Smelting with Haematite ??

Some comments from a recent e-mail message (edited and extended) :
I am David Watson of Moorforge Viking Settlement... (1)
I took a fast hunt for the Moorforge Viking Settlement web site.
This looks to be a private venture?
Nice work on the two buildings. I've got to admit that I had vague ideas years back of attempting something similar here at Wareham, but never proceeded with it. I've got a serious problem with lack of suitable building materials (and lack of labour / machinery). My place is only a single acre, so resource gathering is not possible / restricted / expensive.
(I do have the basics of a small plank walled 'town house' from a museum exhibit I built years ago in storage. (2) Maybe *this* year I will get the thing set up in the yard? My partner has dreams of a small Celtic Iron Age round house...)

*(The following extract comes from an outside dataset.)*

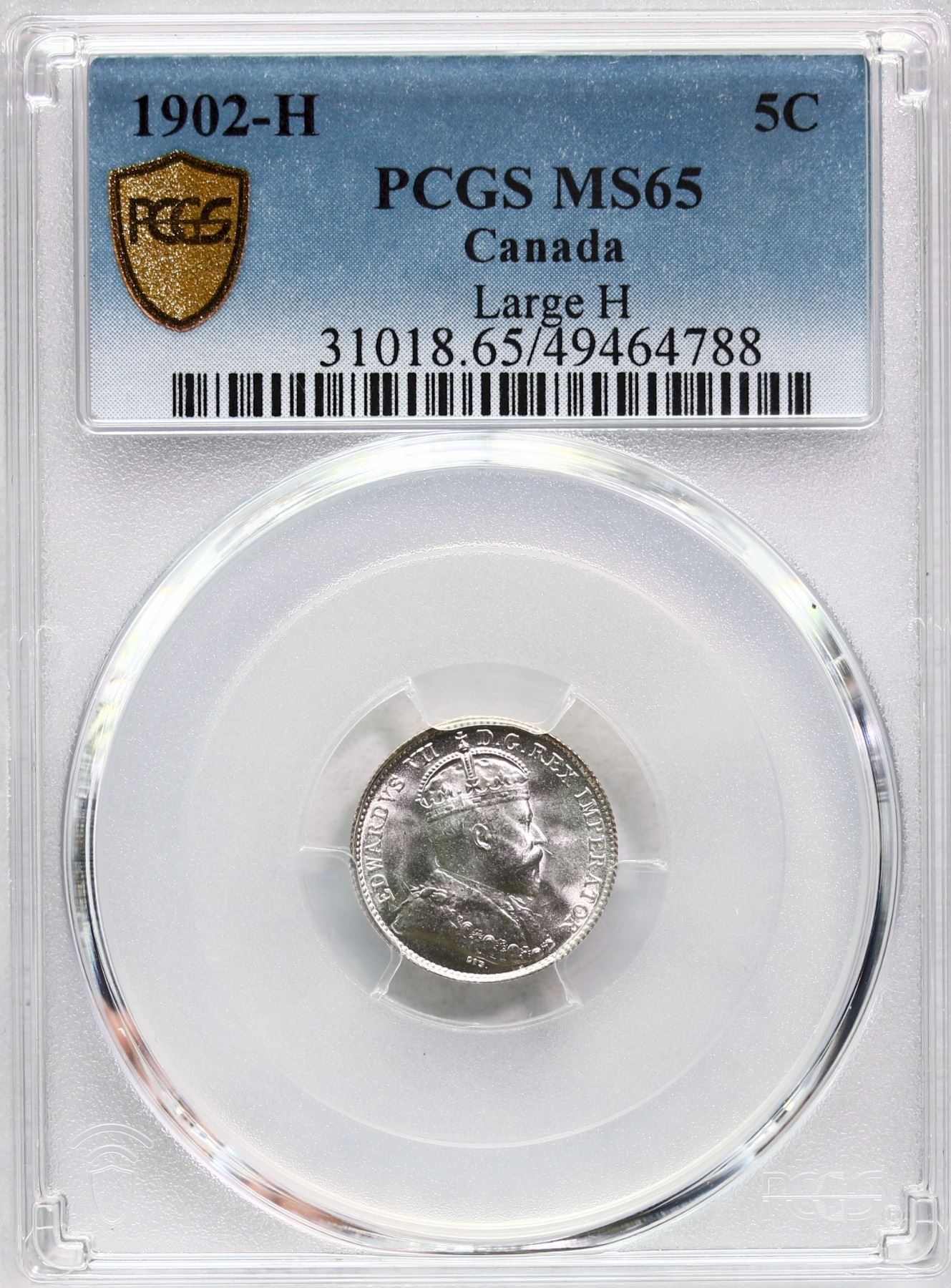 1902 5¢ "Large H" ICCS Gem Mint State-65 Blast white with great lustre.
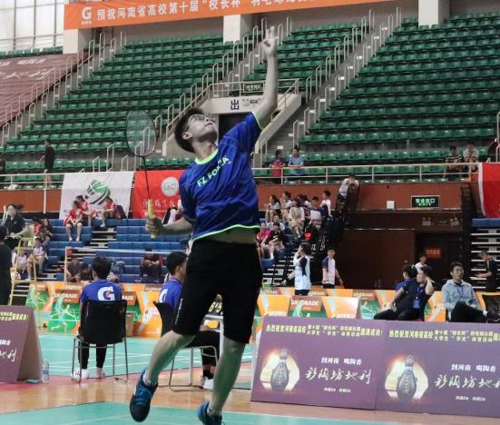 甲组荣获男单冠军的是计算机学院2019级本科生刘畅,他作为首次参加河南省大学生羽毛球比赛的队员,在决赛第二局接球时不慎扭伤脚趾,通过教练员和现场医护工作者的处理之后,刘畅强忍伤痛,一鼓作气夺得了男单冠军。

I will be running an iron smelt over the weekend of 14th - 15th March and wondered if you could offer any advice to a newbie if I explain what I have.
First thing :
Do check the files section on Facebook 'Iron Smelters of the World'. I put up a simple guide (based on a journal article) that covers most of the basics of building and running a 'short shaft' furnace. This is close enough to some of the Norse types, clay construction most typical in Denmark. Remember that you need to stick pretty close to the model (changing more than a couple of the variables will seriously impact results).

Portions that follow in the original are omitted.